An AI system accurately numbers teeth and detects cavities in dental X-rays, improving diagnostic accuracy and reducing human error.

## Contribution

A specialized CNN-based system for dental radiography achieves high precision in tooth numbering and cavity detection using real-world annotated data.

## Key findings

- The system achieved 0.98 precision and 0.98 recall for tooth numbering in dental X-rays.
- For cavity detection, the system reached 0.96 precision and 0.91 recall.
- The model demonstrated high accuracy (0.998) and specificity (0.999) in tooth numbering tasks.

## Abstract

In the healthcare domain, images play a pivotal role in clinical diagnoses, treatment planning, surgical procedures, and epidemiological insights.

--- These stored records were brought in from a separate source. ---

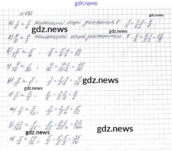 Как эффективно готовиться к домашним заданиям по Математике за 5 класс: лучшие стратегии и советы на gdz.news. Здесь подготовлен Учебник Дорофеев, Шарыгин, Суворова, Бунимович, Кузнецова, Минаева, Рослова - 8.4. Приведение дробей к общему знаменателю 692 и готовые ответы к ним. Сверяй домашку и получай отличные оценки!
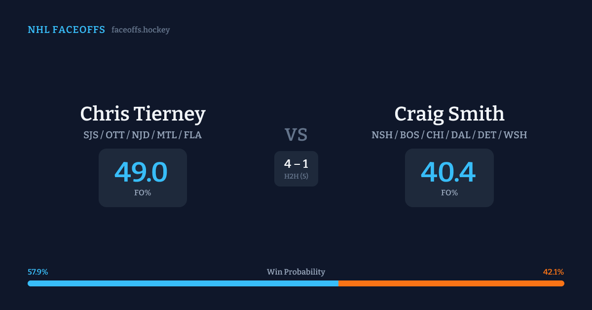 Chris Tierney vs Craig Smith — Faceoff Head-to-Head
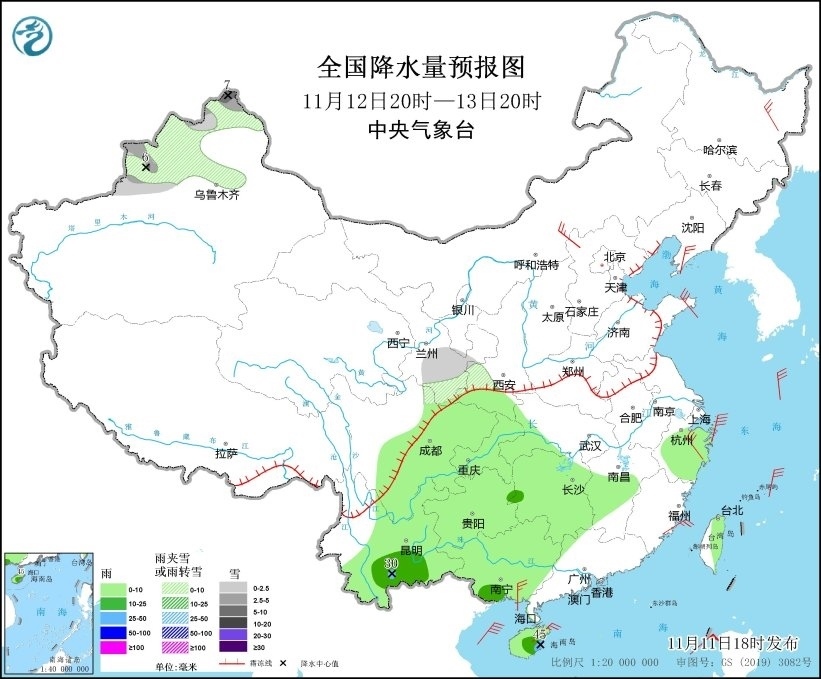 圖4 全國降水量預(yù)報圖(11月11日20時-12日20時)
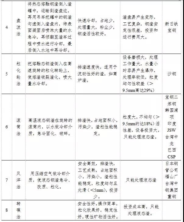 鋼渣的一次處理各種工藝均有利弊,選擇何種處理工藝需要從鋼渣的特性以及終端利用方式、對(duì)處理后粒度的要求、項(xiàng)目的節(jié)能環(huán)保要求、項(xiàng)目投資大小等方面綜合考慮。例如,如果鋼渣的流動(dòng)性差,則不能使用滾筒法、風(fēng)淬法、水淬法和?;喎ǎP潑法、熱潑法和熱悶法可以適用;如果從節(jié)能環(huán)保方面考慮,滾筒法和熱悶法較為適宜。
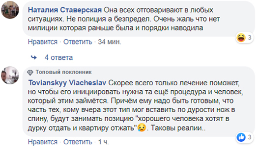 Пользователи Сети отреагировали на пост. Одни выражают недоверие полиции, другие считают, что человека, который нападет на людей с ножом на улицах надо лечить.
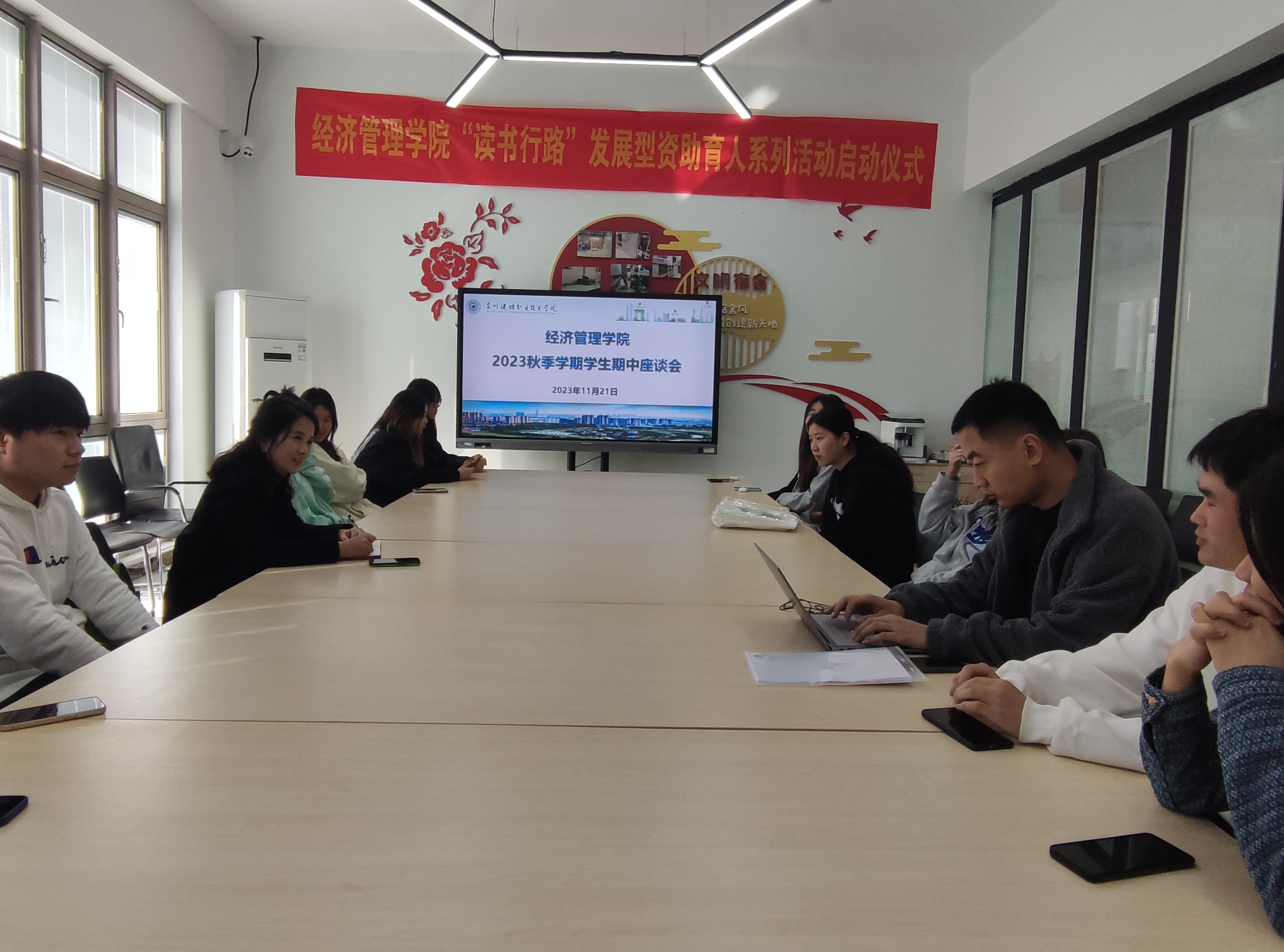 为全面了解本学期教学运行状况,及时发现学生在学习生活中存在的问题,进而规范教学管理,促进教育教学质量提高。经济管理学院于11月20日、11月21日分别在教室及紫薇社区开展2023秋季学期学生期中座谈会,出席本次座谈会的有经济管理学院院长樊奇、党总支副书记沈晓婷、副院长傅兰、辅导员代表以及经济管理学院各班学生代表。

Nevertheless, challenges such as limited experience among healthcare professionals, risk of misdiagnosis and subjective interpretation, and factors like stress and fatigue may jeopardize the precision with which patients are assessed. In this regard, professionals in the field of Dentistry face analogous challenges given that distinguishing anatomical structures in dental imaging requires expert interpretation and precise analysis. Convolutional Neural Networks (CNNs) offer promising opportunities to analyze images during patient care and can enhance diagnostic accuracy and clinical decision-making, benefiting both patients and healthcare providers. Here, we aimed to develop a specialized analyzer for digital dental radiography, that focuses on numbering teeth and detecting tooth cavities. The system is designed to achieve high precision, recall, accuracy, specificity, and F1-score, to ensure that diagnosis is reliable and accurate. In this study, we specifically explore Inception-v3 and InceptionResNet-v2 to discern cavitated teeth and tooth positions in dental panoramic radiographic images (PANs). On the basis of 935 PANs sourced from routine patient care, annotated by dentists at the Faculty of Dentistry of Ribeirão Preto in Brazil, our approach achieved precision of 0.98, recall of 0.98, accuracy of 0.998, specificity of 0.999 and F1-score of 0.98 for tooth numbering. Concerning identification of cavitated teeth, our approach reached precision of 0.96, recall of 0.91, accuracy of 0.94, specificity of 0.96 and F1-score of 0.94. By addressing the critical challenges and reaching high performance, our study serves as a benchmark that relates innovative research and real-world applications, fostering advancements in dental diagnosis. The performance reported herein demonstrates that our initiatives can modulate image analysis tasks and select a more suitable CNN for the job.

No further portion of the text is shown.